___ GIVEN ENTRIES ___

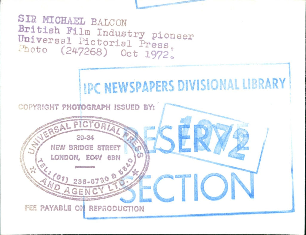 1972 - BALCON MICHAEL SIR BRITISH, LONDON, FILM 1972 - BALCON MICHAEL SIR BRITISH, LONDON, FILM
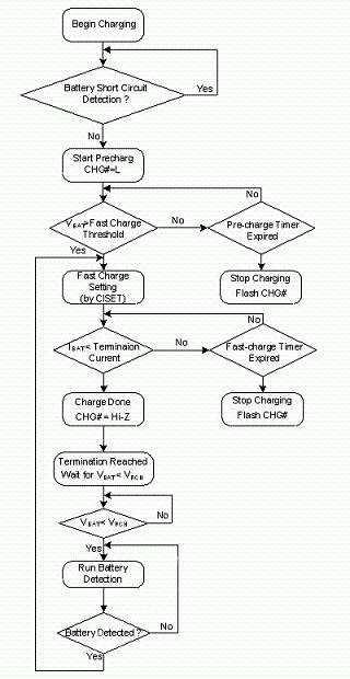 圖6所示為鋰離子電池充電器的標(biāo)準(zhǔn)充電流程,首先充電IC偵測(cè)是否有輸出短路或是過載的保護(hù)模式,若系統(tǒng)一切正常接著偵測(cè)電池初始電壓是否達(dá)到 3V以上,高于3V者就直接以快充模式進(jìn)行高電流充電,若電池低于3V者,進(jìn)入預(yù)充電模式,以快充的10%進(jìn)行充電,喚醒電池并避免電池?fù)p壞。在預(yù)充電階段,仍隨時(shí)偵測(cè)電池電壓,達(dá)到3V后可隨即切入快充模式。
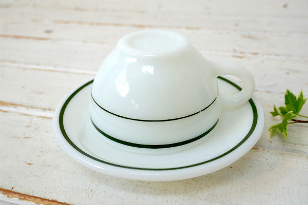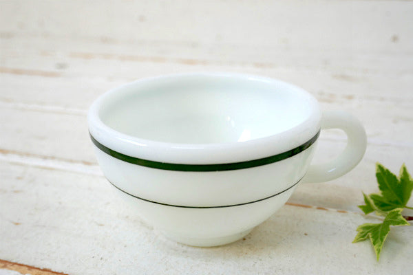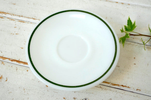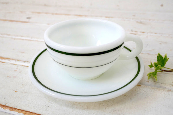 アメリカ西海岸・サクラメントで見つけました・・『オールドパイレックス×コーニング』のミルクガラス製・グリーンライン・ヴィンテージ・カップ&ソーサーです。
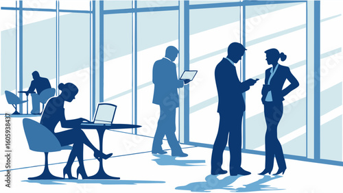 Silhouetted Professionals Engaged in Discussion and Technology Use in Modern
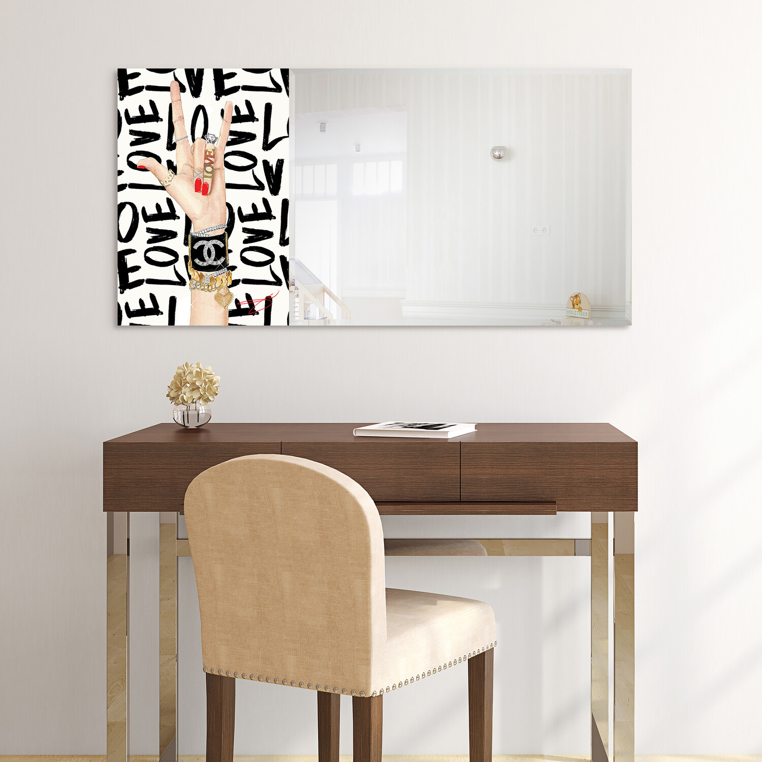 Loved Rectangular Beveled Mirror // Free Floating Printed Tempered Art Glass
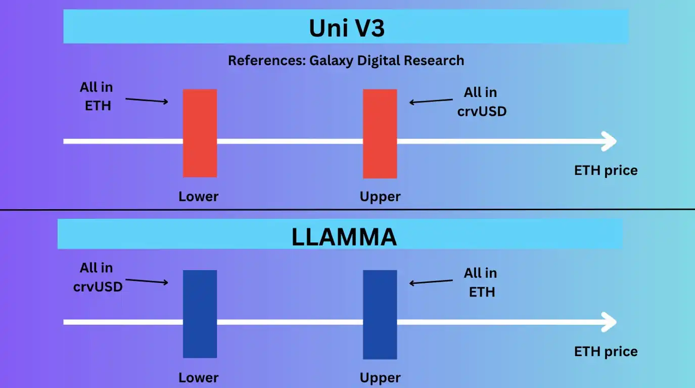 LLAMMA 的 AMM 的设计方式是,AMM 中的价格(红色)下降/上升的速度快于 Uniswap 中的价格(蓝色)。当 Uniswap 中的 ETH 价格下跌时,AMM 中的 AMM 价格下跌得更快,这为套利者偿还 crvUSD 和交换 ETH 抵押品创造了机会。
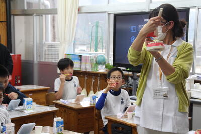 1月19日(金),3・4年生を対象に,町民課の方と歯科衛生士の方が来られ,歯と口の健康についての教室が開催されました。子どもたちは,実際に自分の歯の染め出しを行い,磨き残しや磨きにくい箇所などを知り,正しい磨き方について実践をとおして学んでいました。歯と口の健康は,健康づくりに直結しています。今後も,この学びを生活に生かしていってほしいと思います。
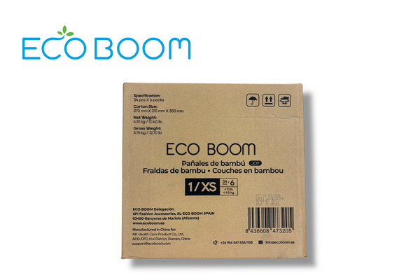CAJA MENSUAL Pañales de día ecológicos biodegradables de fibra de bambú JOY Talla 1/XS de 1 a 4,5 kg (34u) - 6 BOLSAS
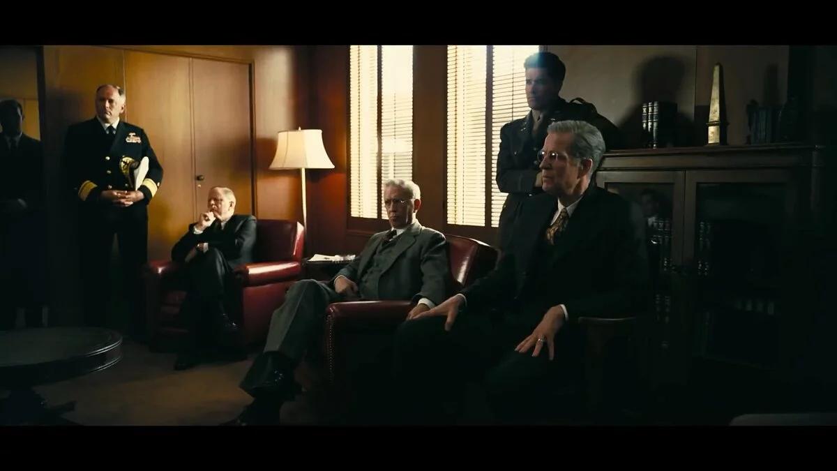 Одна из самых эффектных сцен фильма, настоящая находка Нолана, показана уже в первой трети. Роберта допрашивают на спецкомитете, подозревая в госизмене. Допрашивающий в весьма грубой форме выясняет детали отношений Роберта с любовницей. Для допрашивающего подобная связь — просто еще одна возможность обмена информацией с коммунистами. Своими расспросами он буквально выставляет Роберта голым. В то же время для Оппенгеймера — это личная трагедия и неразделенная любовь, с потерей которой он не может смириться. А присутствующая на том же допросе жена Роберта представляет только саму измену. В общем, поставлено настолько эффектно, что одну и ту же ситуацию зритель видит с совершенно разных сторон.
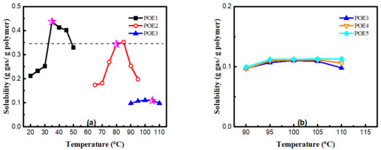DSC test results were shown in Table 3, Figure 3 and Figure 4. The decrease in octene content or increase in molecular weight would lead to an increase of POE crystallinity. The dissolved CO2 causes POE to be swollen and leads to an increase in free volume and chain mobility, which makes crystallization and melting temperature of POE samples shift to lower temperature values. The strong CO2 plasticization effect can significantly reduce the crystallinity of POE samples. High pressure CO2 plasticization is mainly manifested in two aspects of dissolved gas and static pressure [26]. Figure 5 summarized the solubility properties of CO2 in different POE samples at room temperature (T = 25 °C) and 11 MPa after CO2 saturated for 15 h. As expected, the increase in octene content significantly increases the solubility of CO2 in polymer, due to lower crystallinity and larger free volume. It is worth noting that although POE with higher octene content has higher CO2 solubility, the melting temperature of POE with lower octene content decreases more significantly shown in Figure 4. As the content of octene increases, the effect of static pressure becomes stronger, which reduces the free volume of the matrix and hinder the POE chain mobility.
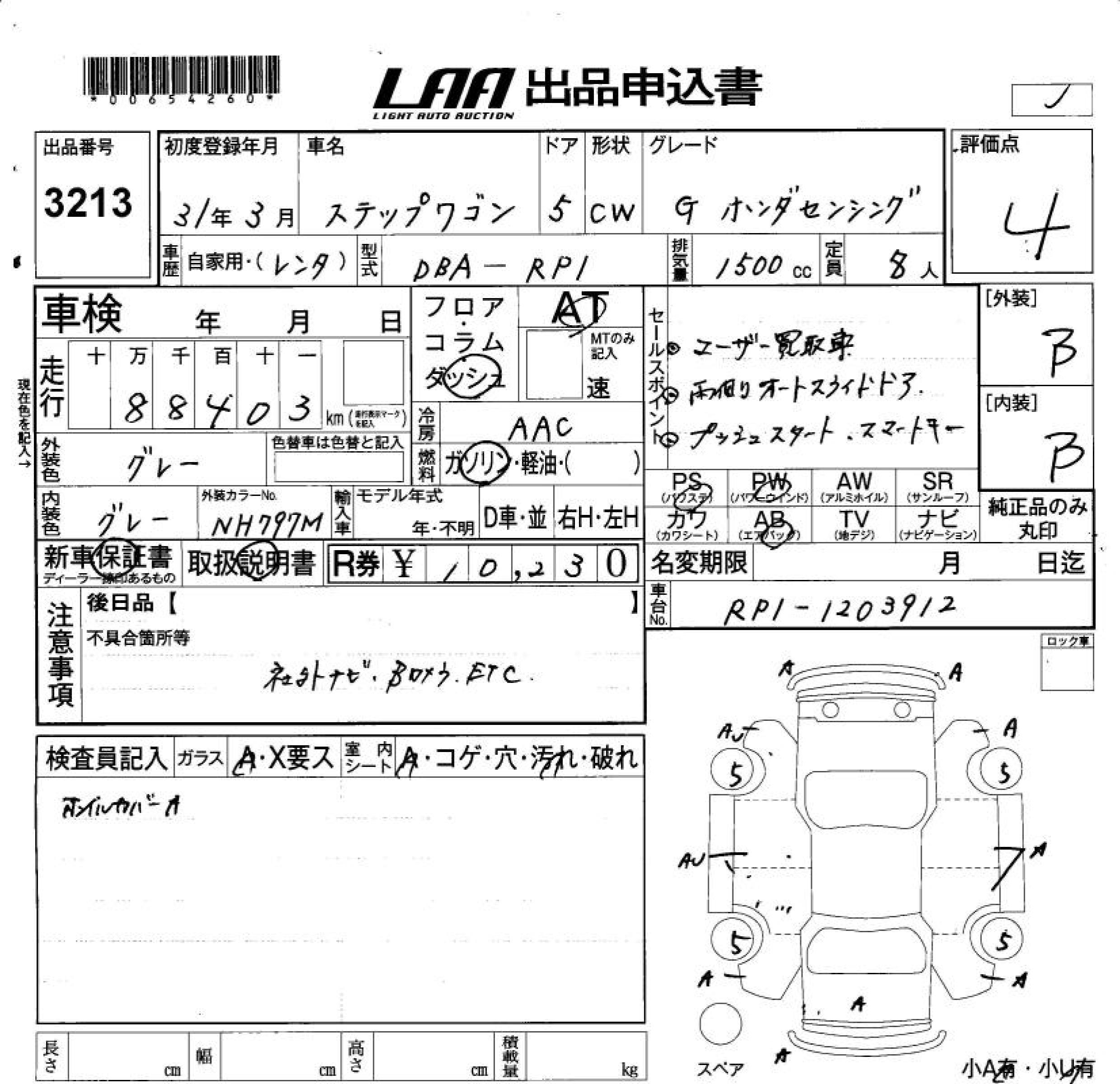 HONDA STEPWGN G HONDA SENSING - лот 3213

___

What is needed is a word-for-word copy of the lines from the start of the data to the line with "Silhouetted Professionals Engaged", inclusive, with no pictures in it.

THE COMPLETED TASK.
 1972 - BALCON MICHAEL SIR BRITISH, LONDON, FILM 1972 - BALCON MICHAEL SIR BRITISH, LONDON, FILM
 圖6所示為鋰離子電池充電器的標(biāo)準(zhǔn)充電流程,首先充電IC偵測(cè)是否有輸出短路或是過載的保護(hù)模式,若系統(tǒng)一切正常接著偵測(cè)電池初始電壓是否達(dá)到 3V以上,高于3V者就直接以快充模式進(jìn)行高電流充電,若電池低于3V者,進(jìn)入預(yù)充電模式,以快充的10%進(jìn)行充電,喚醒電池并避免電池?fù)p壞。在預(yù)充電階段,仍隨時(shí)偵測(cè)電池電壓,達(dá)到3V后可隨即切入快充模式。
 アメリカ西海岸・サクラメントで見つけました・・『オールドパイレックス×コーニング』のミルクガラス製・グリーンライン・ヴィンテージ・カップ&ソーサーです。
 Silhouetted Professionals Engaged in Discussion and Technology Use in Modern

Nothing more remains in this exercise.